NetIQ Migration Suite also includes Server Consolidator, a wizard-based tool that lets you move files, folders, printers, and shares—including all necessary permissions—between servers. This tool would be helpful in migrations that involve moving resources between computers in addition to just repermissioning files and folders.
| NetIQ Migration Suite 7.2 |
|
Contact: NetIQ * 408-856-3000 * 888-323-6768 Web: http://www.netiq.com Price: $6 per user Summary Pros: Provided excellent project-management and reporting features; combines easy-to-use GUI with scripting capabilities; affordable Cons: Computer migration requires a reboot; some installation steps are manual Rating: 4 out of 5 Recommendation: An enterprise-strength migration tool that supports the planning and management of complex migrations. |
Quest Migration Suite for Active Directory
Quest Migration Suite for Active Directory bundles Quest Domain Migration Wizard and Quest Reporter. The first of these tools is a functional and easy-to-use migration product; the second adds AD-reporting functionality. Of the products I tested, Quest Migration Suite for Active Directory was unparalleled in ease of use. Although its project-management and reporting capabilities aren't geared toward migration planning, the excellent scripting integration, hassle-free operation, and post-migration value of Quest Reporter make the suite a contender—if you're willing to pay a bit more.
Domain Migration Wizard, which Figure 4 shows, organizes migrations into projects and sessions. A project contains sessions and migrated users, groups, and computers. I could quit a session at any time and modify or complete it later. Domain Migration Wizard also provides reports that you can access from each step of the Wizard, but these reports provide information about only the current session. I would have liked the ability to view the objects I planned to migrate across multiple sessions and projects.
The most impressive part of Quest Migration Suite for Active Directory was its ease of use. Both the installation and my first migration were error free. Unlike the other products I tested, this product doesn't offer a trial-migration function, but since I didn't encounter any errors, I didn't miss the ability to preview anticipated errors. The product provides an Undo feature to roll back changes after each session. You don't need to reboot or have users log off of a computer to migrate it, and the product even sets migrated computers' last logged-on domain to the target domain, preventing users from having to select a new domain during their next logon. Migration was seamless and easier than with any other tested product.
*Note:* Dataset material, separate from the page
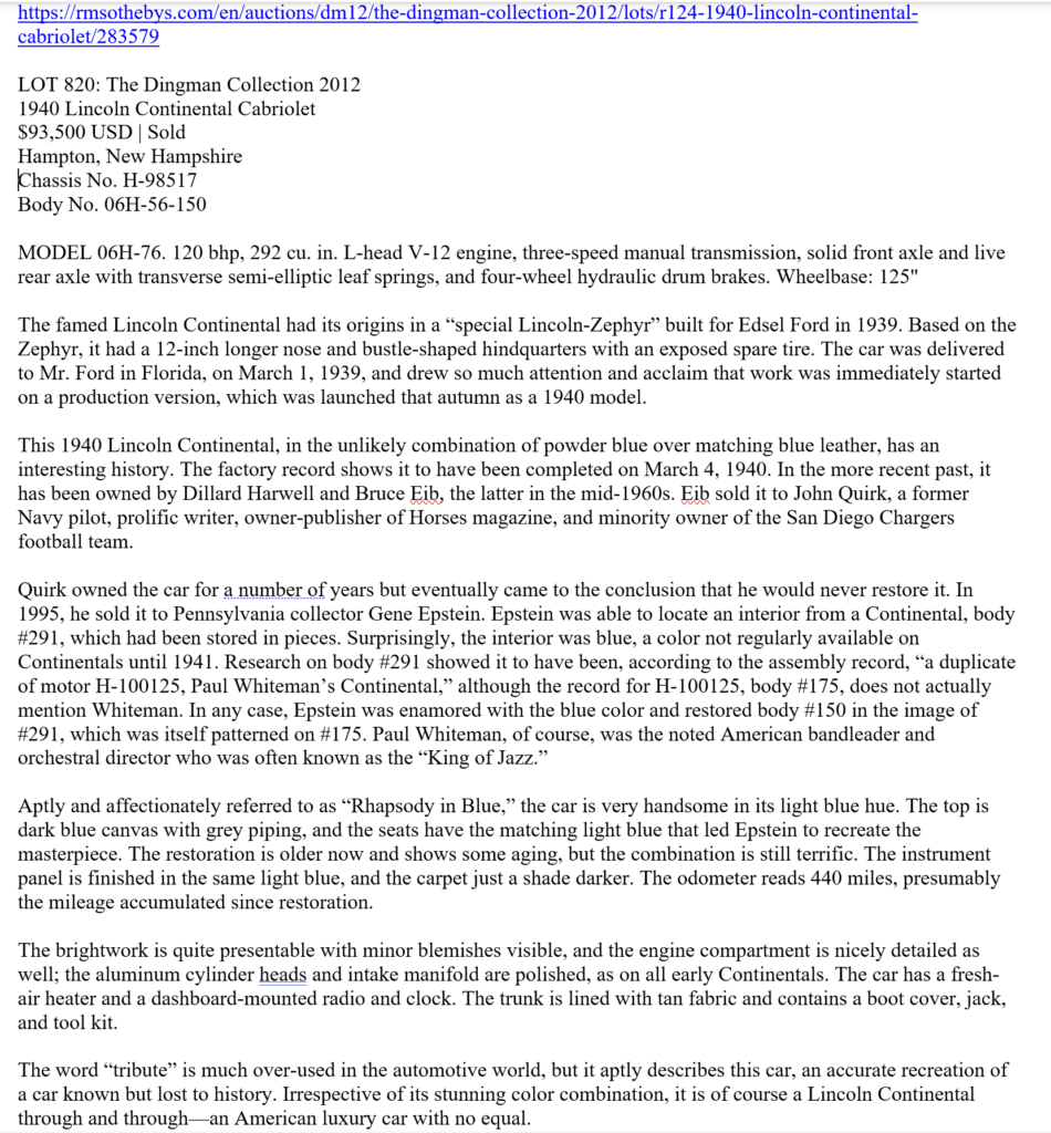 Photos accompanying the sale listing RM Sotheby’s Dingman Collection 2012:

Quest Reporter's reports aren't specific to domain migration, but some of them—such as duplicate users and effective NTFS permissions reports—were useful for planning migrations. Other reports included data about AD security and both Health Insurance Portability and Accountability Act (HIPPA) and Sarbanes-Oxley (SOX) Act compliance. Quest Reports is a valuable tool for a new AD infrastructure, and its inclusion in the suite makes the $14-per-user price tag more palatable.
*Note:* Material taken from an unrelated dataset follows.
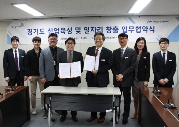 경기도일자리재단과 부천산업진흥재단이 지난 3일 청년IT 선도인력 양성을 위한 일자리 협업체계 구축을 위해 손을 맞잡았다.
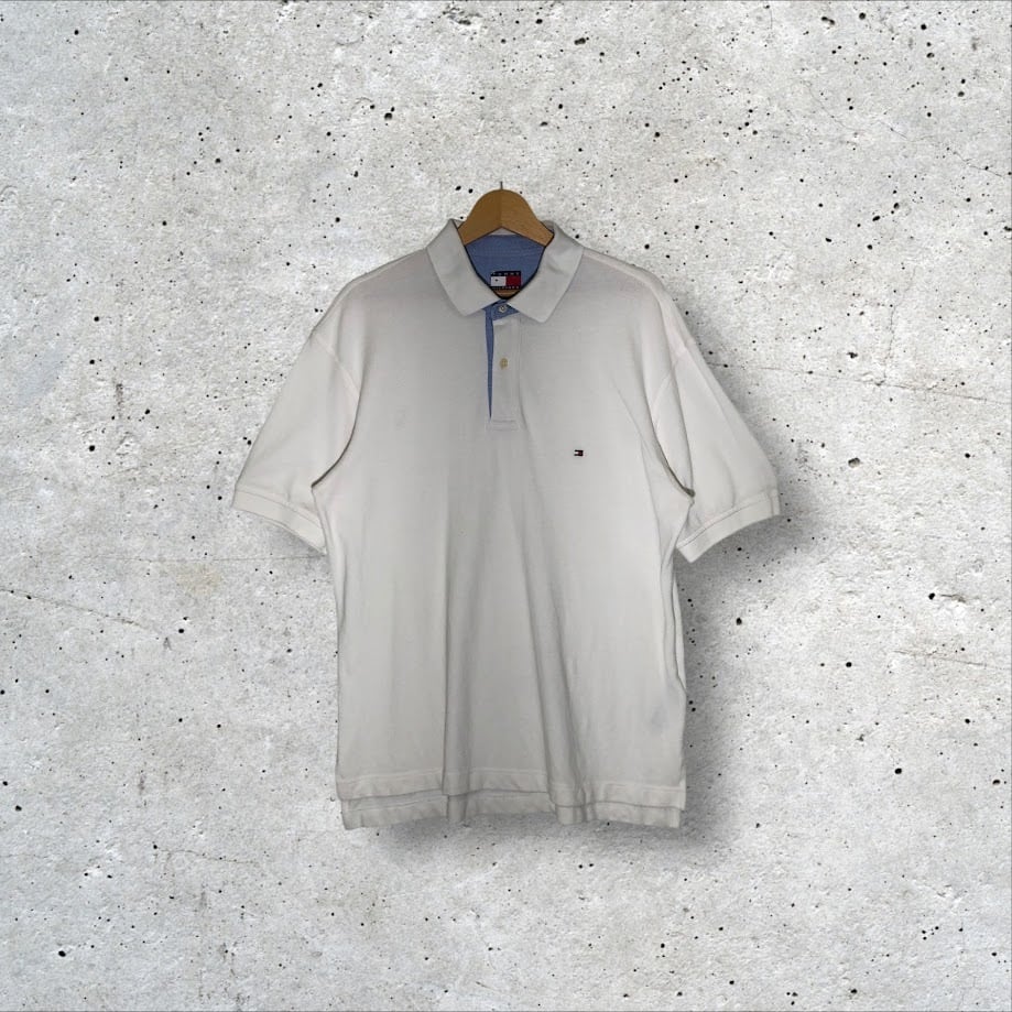 商品名:90's vintage 90年代 ヴィンテージ TOMMY HILFIGER トミーヒルフィガー フラッグタグ ポロシャツ 半袖 ワンポイント刺繡 Mexico製 L/Gサイズ ホワイト

| Quest Migration Suite for Active Directory 6.1 |
|
Contact: Quest Software * 949-754-8000 Web: http://www.quest.com Price: $14 per user Summary Pros: Easy to use; offers detailed reporting Cons: Migration-planning features are limited; expensive Rating: 3.5 out of 5 Recommendation: Fast, easy, and an excellent choice for all but the most complicated of migrations, despite being pricey. Consider this product if you want Quest Reporter to help manage AD after the migration. |
A Tough Choice
Choosing between the NetIQ Migration Suite's great migration-planning features and Quest Active Directory Migration Suite's ease of use was difficult. Although bv-Admin for Windows Migration shares NetIQ Migration Suite's ability to configure migrations in advance, the NetIQ product's price makes it the best deal. Of course, you might feel different, depending on your specific needs and environment.